Archive for October 2010

Insert Parent and Child Tables with SSIS Part 2

Yesterday I posted a simple approach for inserting data into tables with a parent child relationship (like Order Header to Order Detail) where you need to know the generated identity key to tie the records together. That approach relied on having a business value that could be used to consistently tie the parent and child data together. I ended that post with a question – what happens if you don’t have that value?

One example of this might be an order feed that comes from external company. Each row contains the order header and order detail information. Each of these rows should be broken up and inserted into two tables, one for the header data, the other for the detail data. Assuming that there is no business value that can tie these together, you need to get the identity key for the parent row as soon as it is inserted.
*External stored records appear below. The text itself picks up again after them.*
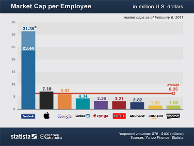 As of February 6, 2011, the market capital per employee was the most for Facebook, was $23.44 million, but market estimates of $75-100 billion dollars (since the social network had not gone public at the time) led to an approximate $31.25 million. It was followed by Apple which came in second with $7.10 million, and Google with $5.97 million at third place. LinkedIn came in at fourth place with $4.34 million, followed by Zynga having a market cap of $3,360,000 and Netflix with $3.21 million. Microsoft came in next with $2.82 million and Amazon came in second-last with $1.52 million. Groupon was last on the list of the nine Internet technology companies, with each employee contributing to $1.50 million of market capital.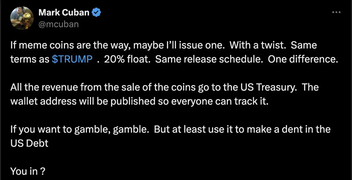 小牛队老板、硅谷知名投资人马克库班在 X 上对$Trump 的发射也表达了自己发射 MemeCoin 的意愿,机制基本相同,唯一的区别就是将其中所有的获利都去填补美国国库。市场对该做法都十分兴奋,相比于$Trump 可能进到个体的口袋,玩家更希望是更透明的。虽然每个商人的行为大概率不可能不考虑风险与收益,但作为迷因币的叙事确实值得期待。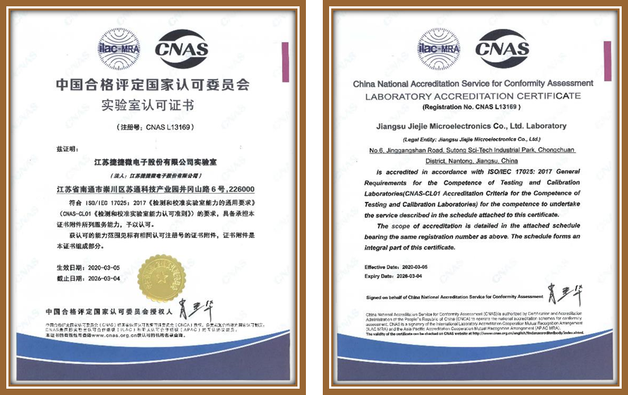 江蘇捷捷微電子股份有限公司實(shí)驗室測試中心,提供多種可靠性試驗,包括環(huán)境可靠性測試、板級可靠性試驗,使用壽命可靠性測試和全方位的失效分析服務(wù)。 捷捷微電子股份有限公司實(shí)驗室已經(jīng)獲得中國合格評定國家認可委員會(huì )的實(shí)驗室認可證書(shū)(CNAS認證) 江蘇捷捷微電子股份有限公司實(shí)驗室測試中心成立于 2011 年,分南通、啟東、深圳3個(gè)測試場(chǎng)地?,F有工作人員50名,其中管理人員 5 名,檢測人員 45名,簽字授權人4名,中級職稱(chēng)人員2名,助理職稱(chēng)人員6名,本科學(xué)歷人員21名。實(shí)驗室占地面積2000平方米,南通1200平方米,啟東800平方米。2018年8月發(fā)布并實(shí)施實(shí)驗室管理體系,并在2020年3月取得CNAS實(shí)驗室認可證書(shū)(L13169)。實(shí)驗室現有各類(lèi)設備近170臺,可開(kāi)展可靠性試驗項目20余項,浪涌過(guò)電壓檢測項目10余項,失效分析10余項以及特性測試等項目。與中科院微電子所、西電、中車(chē)等單位存在長(cháng)期合作關(guān)系。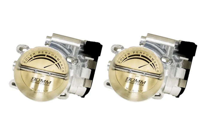 If two factory 80mm throttle bodies helped deliver more output, there might yet be more power on the table from larger replacements. Soler Performance specializes in optimizing factory throttle bodies with tapered porting, ultra-smooth finishes, a shaftless design on the high-pressure side of the throttle plates, and more. Their 2024-and-newer Coyote 5.0-liter units (PN SE-JL3E-90S2; $950.00) measure 90mm, which pushes the tandem to a dimension beyond that of those big, oval-bore Cobra Jet units.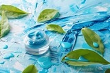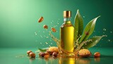 Argan oil bottle, nuts, leaves, splashes against green background. Skincare, cosmetic product. Natural organic treatment. Moroccan ingredients for beauty, health, wellness. Advertising, packaging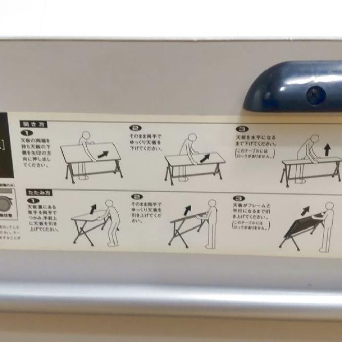 - 一部不具合あり天板歪み、アジャスター無し、キャスター使用不可ようなそのテーブルの本来の効用を果たすための機能以外の一部が使用不可な状態。(例、キャスターロッ ク機能使用不可、棚板無し等がある。)

One approach for this involves retrieving a result set using an Execute SQL task, and shredding it with the For Each Loop. This approach does have some downsides – please review the Pros and Cons section below for more details. Within the For Each loop, two Execute SQL Tasks are used – one to insert the header row and retrieve it’s ID value, the other to insert the child row.

image

Retrieving the result set in the initial Execute SQL task is straightforward – just retrieve all the order rows. You can use a For Each loop to shred the retrieved result set by selecting the For Each ADO enumerator, and mapping the columns in the result set to variables. The For Each will run once per row in the result set, setting the variable values to match the current row.

SNAGHTMLf0da024

The next Execute SQL task is a little more interesting. It inserts the header row and uses the T-SQL OUTPUT clause to return the identity value for that row.
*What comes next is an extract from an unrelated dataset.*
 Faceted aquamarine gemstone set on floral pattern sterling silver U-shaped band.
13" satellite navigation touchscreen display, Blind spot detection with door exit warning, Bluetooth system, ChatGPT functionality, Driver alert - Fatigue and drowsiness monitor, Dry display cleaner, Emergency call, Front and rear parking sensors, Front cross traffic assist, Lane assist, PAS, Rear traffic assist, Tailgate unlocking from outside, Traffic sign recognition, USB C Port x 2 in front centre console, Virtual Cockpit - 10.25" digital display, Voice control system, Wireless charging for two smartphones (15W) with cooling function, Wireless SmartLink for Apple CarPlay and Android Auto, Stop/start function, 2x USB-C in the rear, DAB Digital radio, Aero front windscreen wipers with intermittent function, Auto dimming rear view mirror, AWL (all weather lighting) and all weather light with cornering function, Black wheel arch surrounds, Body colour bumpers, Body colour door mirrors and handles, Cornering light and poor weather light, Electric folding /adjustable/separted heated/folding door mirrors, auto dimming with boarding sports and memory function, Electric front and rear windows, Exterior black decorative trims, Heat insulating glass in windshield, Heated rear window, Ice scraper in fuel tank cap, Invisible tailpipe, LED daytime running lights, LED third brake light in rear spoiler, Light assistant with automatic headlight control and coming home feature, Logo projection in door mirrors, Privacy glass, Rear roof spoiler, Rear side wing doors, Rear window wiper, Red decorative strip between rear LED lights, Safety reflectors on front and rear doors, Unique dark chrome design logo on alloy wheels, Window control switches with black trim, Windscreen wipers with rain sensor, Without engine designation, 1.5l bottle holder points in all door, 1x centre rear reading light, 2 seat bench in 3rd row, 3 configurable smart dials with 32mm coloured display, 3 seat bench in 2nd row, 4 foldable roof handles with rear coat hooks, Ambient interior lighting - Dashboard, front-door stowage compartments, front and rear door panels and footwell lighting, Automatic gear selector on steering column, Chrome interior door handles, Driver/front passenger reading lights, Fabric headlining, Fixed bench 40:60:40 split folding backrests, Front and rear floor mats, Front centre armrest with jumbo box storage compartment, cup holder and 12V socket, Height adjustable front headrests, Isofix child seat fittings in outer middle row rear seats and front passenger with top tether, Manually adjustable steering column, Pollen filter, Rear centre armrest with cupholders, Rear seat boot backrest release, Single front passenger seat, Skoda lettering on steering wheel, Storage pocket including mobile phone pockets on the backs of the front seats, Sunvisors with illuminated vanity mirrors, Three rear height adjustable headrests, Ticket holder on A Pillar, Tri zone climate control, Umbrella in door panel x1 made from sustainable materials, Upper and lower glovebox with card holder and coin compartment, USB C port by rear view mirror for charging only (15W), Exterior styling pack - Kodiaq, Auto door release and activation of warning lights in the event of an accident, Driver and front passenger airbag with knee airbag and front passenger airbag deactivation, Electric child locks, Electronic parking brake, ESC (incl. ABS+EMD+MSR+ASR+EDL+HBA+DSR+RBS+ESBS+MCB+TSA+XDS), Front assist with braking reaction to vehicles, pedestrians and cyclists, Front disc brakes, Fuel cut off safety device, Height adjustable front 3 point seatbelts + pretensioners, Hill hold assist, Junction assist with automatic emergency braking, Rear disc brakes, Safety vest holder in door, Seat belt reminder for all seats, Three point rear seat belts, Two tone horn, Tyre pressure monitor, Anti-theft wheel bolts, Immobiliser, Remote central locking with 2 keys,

INSERT INTO parent (order_date, customer_id)
        OUTPUT INSERTED.order_id
        VALUES (GETDATE(), ?)

If you aren’t using a database engine that supports OUTPUT or similar functionality, you can also execute a second SQL statement in the same task to get the identity value using @@IDENTITY (be aware that there are some constraints when using this), SCOPE_IDENTITY(), or the appropriate function for your database.

The Execute SQL task maps the returned identity value to another package variable (order_id in this example).

SNAGHTMLf117a4c

The next Execute SQL task can then use that variable when inserting the child record into the order details table.

Pros and Cons

This approach has the advantage of guaranteeing that your child records are matched to the correct parent records. This can be a big plus if you don’t have a reliable way to match the records when making two passes.

There are a couple of downsides, though. The biggest one is speed. This approach forces you into RBAR (row by agonizing row) mode, so it’s going to be slow, especially compared to a batch load operation. The second problem is that if you are dealing with a lot of columns, creating all the variables and maintaining the mappings isn’t a fun experience.

Overall, I prefer the approach I mentioned in the first article, and I tend to avoid this one if possible. In some cases, even if you don’t have a reliable key, you may be able to work around it by staging some data to a working table or modifying the data source to provide a reliable key.

The sample package for this post is on my SkyDrive.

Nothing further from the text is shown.